> WHAT NEEDS TO BE DONE
Please transcribe the listing that follows exactly; images are to be excluded.
[GIVEN DATA — start]
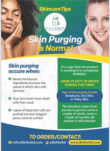 Skin purging is normal in some people, and will subside on its own! If irritation or allergy occurs, discontinue use!
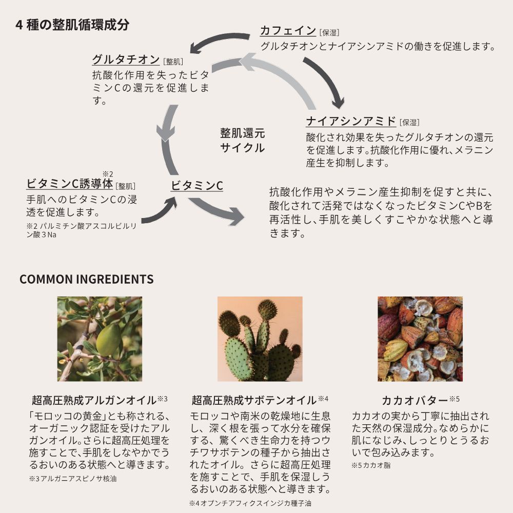 抗酸化作用やメラニン産生抑制を促すと共に、酸化されて活発ではなくなったビタミンCやBを再活性し、手肌を美しくすこやかな状態へと導きます。
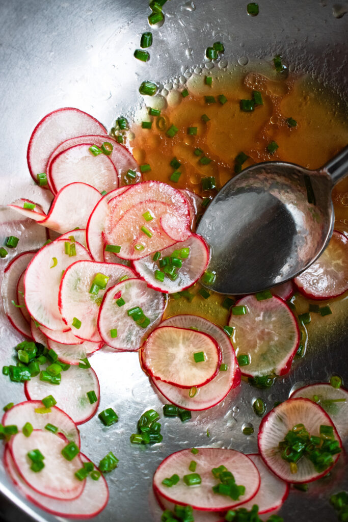 There isn’t really a dressing for this salad…I just tossed some radishes and chives with a splash of red wine vinegar and olive oil for something bright and tangy to spoon over top.
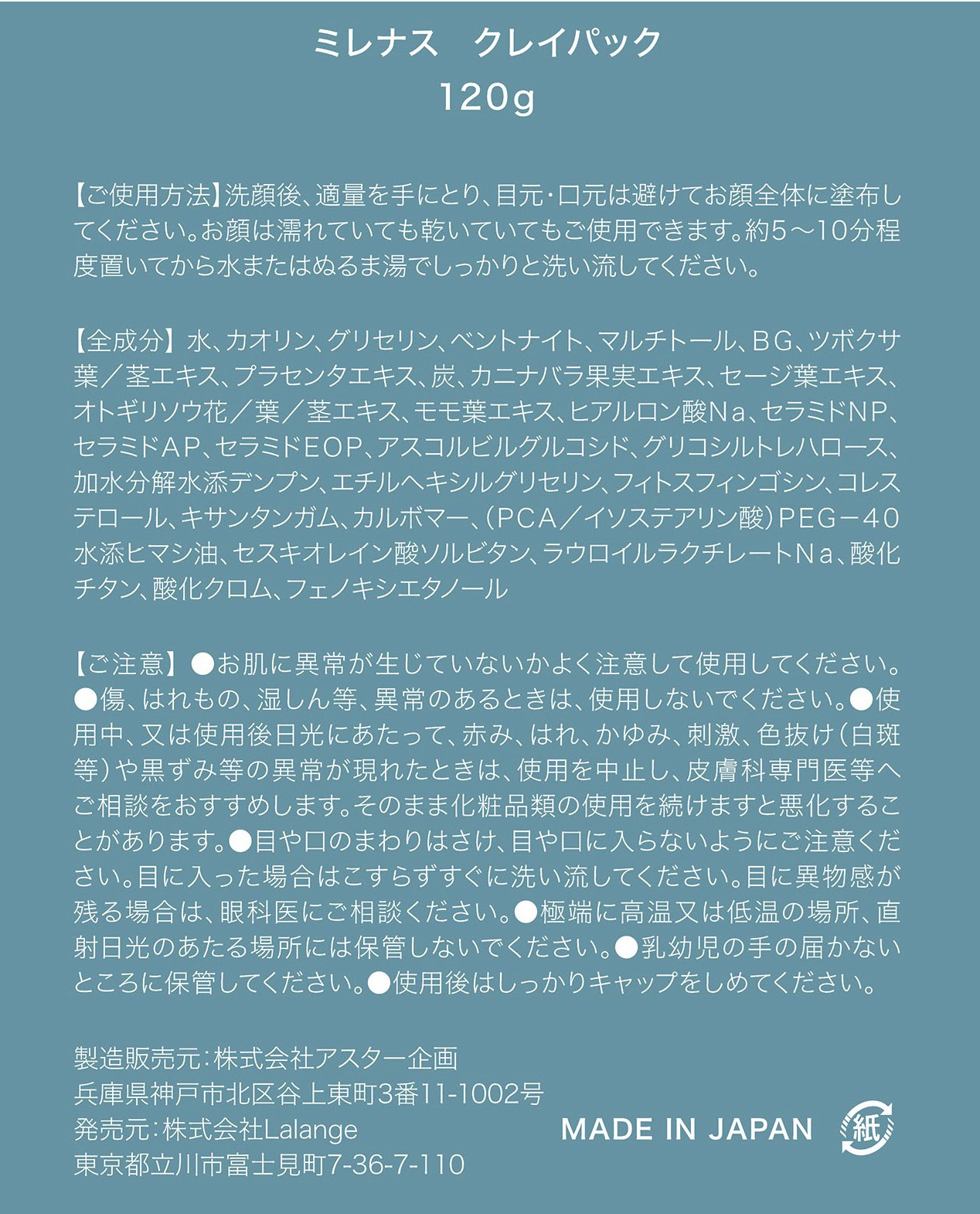 [4個]Lalange ミレナス 泥パック 120g | 【3分で完了!】クレイを顔全体に伸ばし3分後に洗い流すだけ
[GIVEN DATA — finish]
> RESULT OF THIS EXERCISE
 Skin purging is normal in some people, and will subside on its own! If irritation or allergy occurs, discontinue use!
 抗酸化作用やメラニン産生抑制を促すと共に、酸化されて活発ではなくなったビタミンCやBを再活性し、手肌を美しくすこやかな状態へと導きます。
 There isn’t really a dressing for this salad…I just tossed some radishes and chives with a splash of red wine vinegar and olive oil for something bright and tangy to spoon over top.
 [4個]Lalange ミレナス 泥パック 120g | 【3分で完了!】クレイを顔全体に伸ばし3分後に洗い流すだけ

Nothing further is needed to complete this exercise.